You could call it the commercialization of the church, and it’s all about running the church like it’s a corporation.

The Church is Not A Company

This is everywhere. Pastors are posting incessantly on their blogs about how to “grow your church” or “attract new followers” or “increase attendance”. Recently, there was a blog from one of these “church consultants” entitled 8 Reasons Most Churches Never Break the 200 Attendance Mark.

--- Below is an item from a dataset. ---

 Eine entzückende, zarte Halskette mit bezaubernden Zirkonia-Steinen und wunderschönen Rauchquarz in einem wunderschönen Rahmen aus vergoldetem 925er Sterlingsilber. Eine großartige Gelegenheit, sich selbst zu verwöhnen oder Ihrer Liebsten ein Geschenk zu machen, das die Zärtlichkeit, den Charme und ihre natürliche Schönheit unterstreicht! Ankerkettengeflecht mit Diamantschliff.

At the start of the article, the author states that there’s nothing wrong with small churches. He then proceeds to list 8 reasons why being a small church is a negative. The problem was that this list could have applied to a small business, not a church.

And therein lies the problem: too many people view the church as a corporation that has to turn a profit or meet quarterly goals or boost sales to appease shareholders. In the church-as-corporation world, if a church isn’t growing every week, then something must be wrong with it. Never mind the fact that the vast majority of American churches have less than 100 members in attendance. While we do have a responsibility to go out into our community and witness to others about the Gospel, we can’t force growth. It has to be blessed by God, and if we try and make our church more like a business in order to attract followers, we risk losing the Gospel in the process.

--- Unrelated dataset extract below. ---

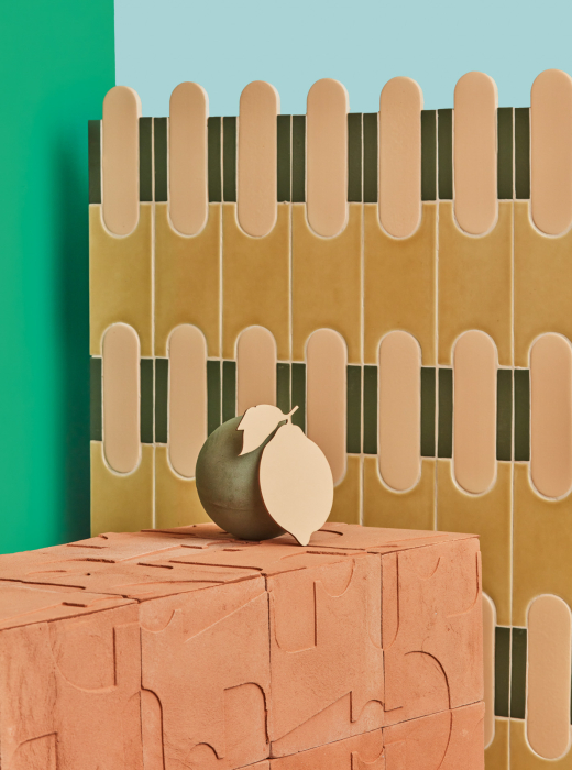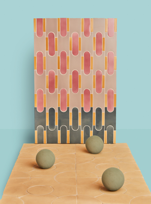 The absolute protagonist is variegated cotto, alternating with the different colors of traditional earthenware in a game of harmonious silhouettes, a seductive contrast of straight and curved lines. The play of textures and sheen contributes to generate a new alphabet of imagery.

Pastors Are Caretakers, Not CEOs

In the list mentioned above, the number one reason the author says is wrong with small churches is that the pastor is the primary caregiver. It’s hard to read a Christian list that claims that the number one problem with church growth in America is actually the most important thing that pastors are supposed to do (1 Peter 5:2-3). As in, that’s literally the definition of pastor. If we didn’t have the mindset that the church is a business, we wouldn’t be listing Biblical commands as “problems”.

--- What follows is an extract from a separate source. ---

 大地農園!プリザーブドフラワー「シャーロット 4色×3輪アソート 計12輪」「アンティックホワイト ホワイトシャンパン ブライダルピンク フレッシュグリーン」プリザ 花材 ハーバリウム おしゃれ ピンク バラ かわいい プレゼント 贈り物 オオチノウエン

It’s can be a little sad when there’s a funeral or a wedding and the pastor officiating talks about the parties involved in an abstract kind of way because he doesn’t have a personal relationship with them. It’s valuable to have a pastor that can actually relate to the people involved because it’s been his job to shepherd them as part of his flock. We live in the age of the celebrity pastor, where it’s fashionable to strive to have the largest Twitter/Facebook/Blog following that you can have. It’s almost as if the success of ministry is measured by the number of Facebook likes. Is that the way Jesus wanted the church to be run?

The Purpose of the Church

The truth is that when the focus of a church becomes all about growth and achieving set goals and increasing membership, the ministry of the church gets lost. It’s ironic how we can be so focused on growing attendance that we offer nothing when the attendees arrive. Did Jesus want His church to be all about “acting like a big organization” and “increasing membership”? Sure, growth is a good thing, and we should be doing our job to try and grow. But ultimately, the Holy Spirit and the work of Jesus is what grows a church. When you start arbitrarily setting membership goals that you can only reach by God’s grace, the temptation is strong to start incorporating entertainment and gimmicks to gain membership.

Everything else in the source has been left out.